WHAT IS BEING ASKED: Exact reproduction is required for the lines below starting at the line with "Click on the quickstart" and ending at the line with "PLOT DETAILS - Single", both included. No other lines, and no pictures.

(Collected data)

--

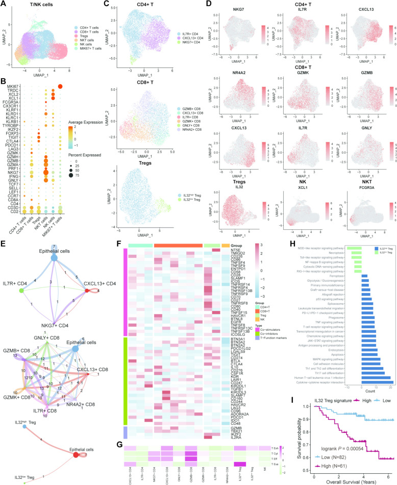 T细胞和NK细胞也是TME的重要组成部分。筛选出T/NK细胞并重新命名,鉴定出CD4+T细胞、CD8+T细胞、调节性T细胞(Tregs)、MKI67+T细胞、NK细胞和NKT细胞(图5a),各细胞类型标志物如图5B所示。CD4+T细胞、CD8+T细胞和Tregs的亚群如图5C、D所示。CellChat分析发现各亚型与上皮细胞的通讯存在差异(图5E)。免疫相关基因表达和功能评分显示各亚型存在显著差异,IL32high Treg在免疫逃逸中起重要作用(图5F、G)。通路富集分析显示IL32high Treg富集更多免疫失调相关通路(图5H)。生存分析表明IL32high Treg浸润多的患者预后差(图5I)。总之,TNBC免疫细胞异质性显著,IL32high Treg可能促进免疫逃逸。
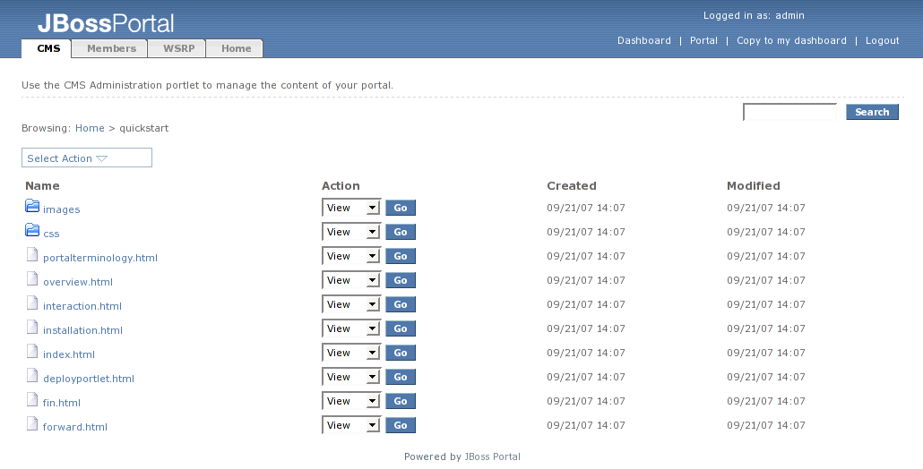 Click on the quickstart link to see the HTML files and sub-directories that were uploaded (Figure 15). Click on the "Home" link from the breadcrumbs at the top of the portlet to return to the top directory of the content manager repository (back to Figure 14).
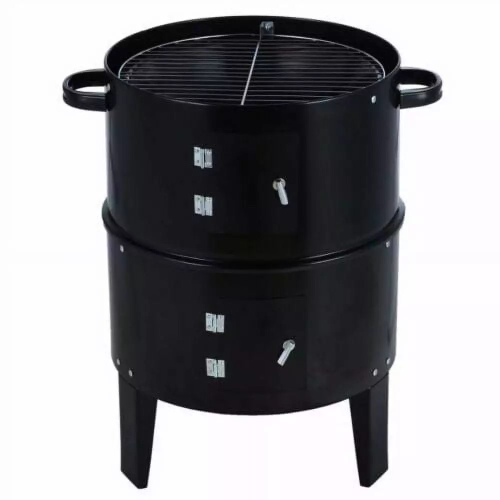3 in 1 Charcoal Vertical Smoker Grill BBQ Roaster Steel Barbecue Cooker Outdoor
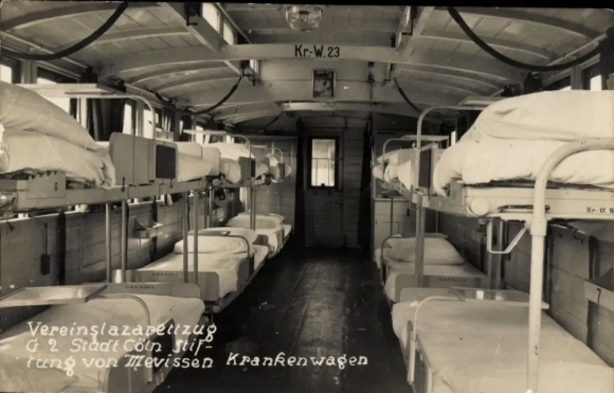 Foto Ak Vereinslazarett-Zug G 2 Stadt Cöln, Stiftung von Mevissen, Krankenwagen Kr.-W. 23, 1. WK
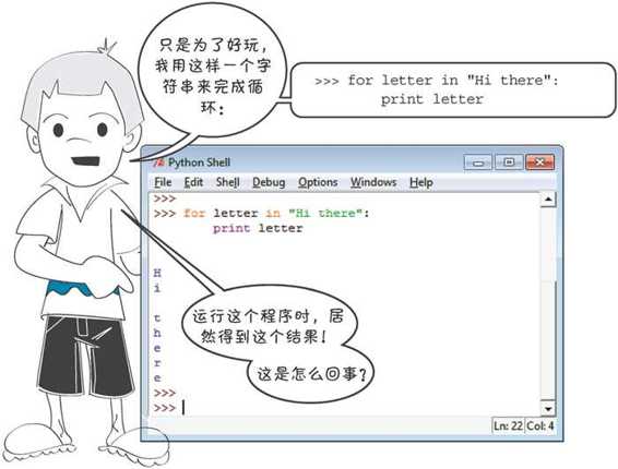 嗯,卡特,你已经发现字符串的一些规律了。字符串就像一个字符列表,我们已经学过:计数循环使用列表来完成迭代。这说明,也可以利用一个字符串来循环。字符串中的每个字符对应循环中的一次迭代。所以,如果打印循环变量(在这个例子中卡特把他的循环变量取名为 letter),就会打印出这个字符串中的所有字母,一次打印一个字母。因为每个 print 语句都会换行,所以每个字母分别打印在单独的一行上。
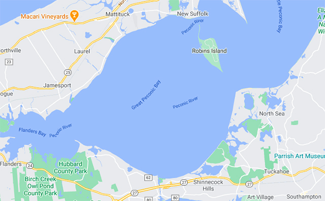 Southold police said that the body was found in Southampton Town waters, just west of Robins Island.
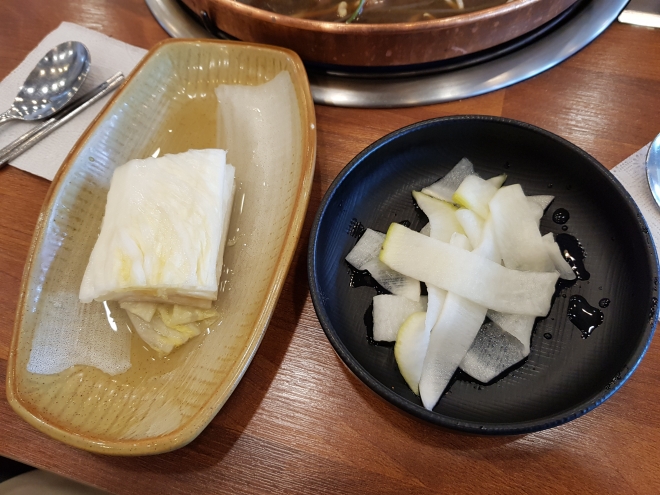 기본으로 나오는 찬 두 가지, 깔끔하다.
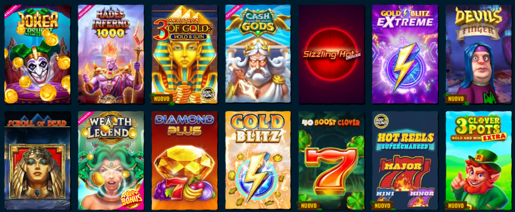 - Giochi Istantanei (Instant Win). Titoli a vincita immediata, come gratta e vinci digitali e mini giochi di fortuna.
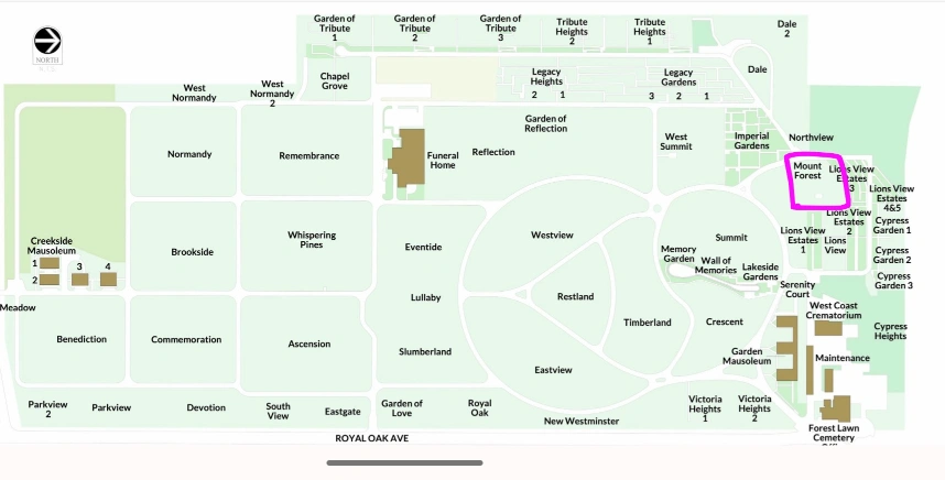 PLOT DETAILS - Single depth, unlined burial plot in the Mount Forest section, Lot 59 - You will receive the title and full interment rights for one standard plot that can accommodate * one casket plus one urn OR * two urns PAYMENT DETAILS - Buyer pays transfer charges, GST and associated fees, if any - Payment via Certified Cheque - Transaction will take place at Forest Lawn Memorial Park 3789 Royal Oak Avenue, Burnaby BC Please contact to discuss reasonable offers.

--

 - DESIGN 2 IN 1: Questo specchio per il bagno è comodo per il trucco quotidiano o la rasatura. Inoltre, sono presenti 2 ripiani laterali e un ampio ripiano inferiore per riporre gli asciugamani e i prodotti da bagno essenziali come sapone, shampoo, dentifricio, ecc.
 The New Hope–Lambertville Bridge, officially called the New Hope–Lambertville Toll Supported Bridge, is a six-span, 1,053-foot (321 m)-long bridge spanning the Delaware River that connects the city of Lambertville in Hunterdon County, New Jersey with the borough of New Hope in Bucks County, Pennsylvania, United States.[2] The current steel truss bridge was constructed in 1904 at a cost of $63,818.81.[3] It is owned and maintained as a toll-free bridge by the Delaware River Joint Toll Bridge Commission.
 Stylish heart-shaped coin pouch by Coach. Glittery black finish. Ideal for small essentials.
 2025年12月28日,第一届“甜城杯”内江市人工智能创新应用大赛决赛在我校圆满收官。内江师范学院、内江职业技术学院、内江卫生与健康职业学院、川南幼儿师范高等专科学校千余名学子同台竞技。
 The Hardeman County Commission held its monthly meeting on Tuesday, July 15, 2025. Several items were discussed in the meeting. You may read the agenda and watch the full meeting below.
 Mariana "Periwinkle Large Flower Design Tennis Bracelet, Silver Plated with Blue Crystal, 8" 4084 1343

--

ANSWER FOR THIS EXERCISE:
 Click on the quickstart link to see the HTML files and sub-directories that were uploaded (Figure 15). Click on the "Home" link from the breadcrumbs at the top of the portlet to return to the top directory of the content manager repository (back to Figure 14).
3 in 1 Charcoal Vertical Smoker Grill BBQ Roaster Steel Barbecue Cooker Outdoor
 Foto Ak Vereinslazarett-Zug G 2 Stadt Cöln, Stiftung von Mevissen, Krankenwagen Kr.-W. 23, 1. WK
 嗯,卡特,你已经发现字符串的一些规律了。字符串就像一个字符列表,我们已经学过:计数循环使用列表来完成迭代。这说明,也可以利用一个字符串来循环。字符串中的每个字符对应循环中的一次迭代。所以,如果打印循环变量(在这个例子中卡特把他的循环变量取名为 letter),就会打印出这个字符串中的所有字母,一次打印一个字母。因为每个 print 语句都会换行,所以每个字母分别打印在单独的一行上。
 Southold police said that the body was found in Southampton Town waters, just west of Robins Island.
 기본으로 나오는 찬 두 가지, 깔끔하다.
 - Giochi Istantanei (Instant Win). Titoli a vincita immediata, come gratta e vinci digitali e mini giochi di fortuna.
 PLOT DETAILS - Single depth, unlined burial plot in the Mount Forest section, Lot 59 - You will receive the title and full interment rights for one standard plot that can accommodate * one casket plus one urn OR * two urns PAYMENT DETAILS - Buyer pays transfer charges, GST and associated fees, if any - Payment via Certified Cheque - Transaction will take place at Forest Lawn Memorial Park 3789 Royal Oak Avenue, Burnaby BC Please contact to discuss reasonable offers.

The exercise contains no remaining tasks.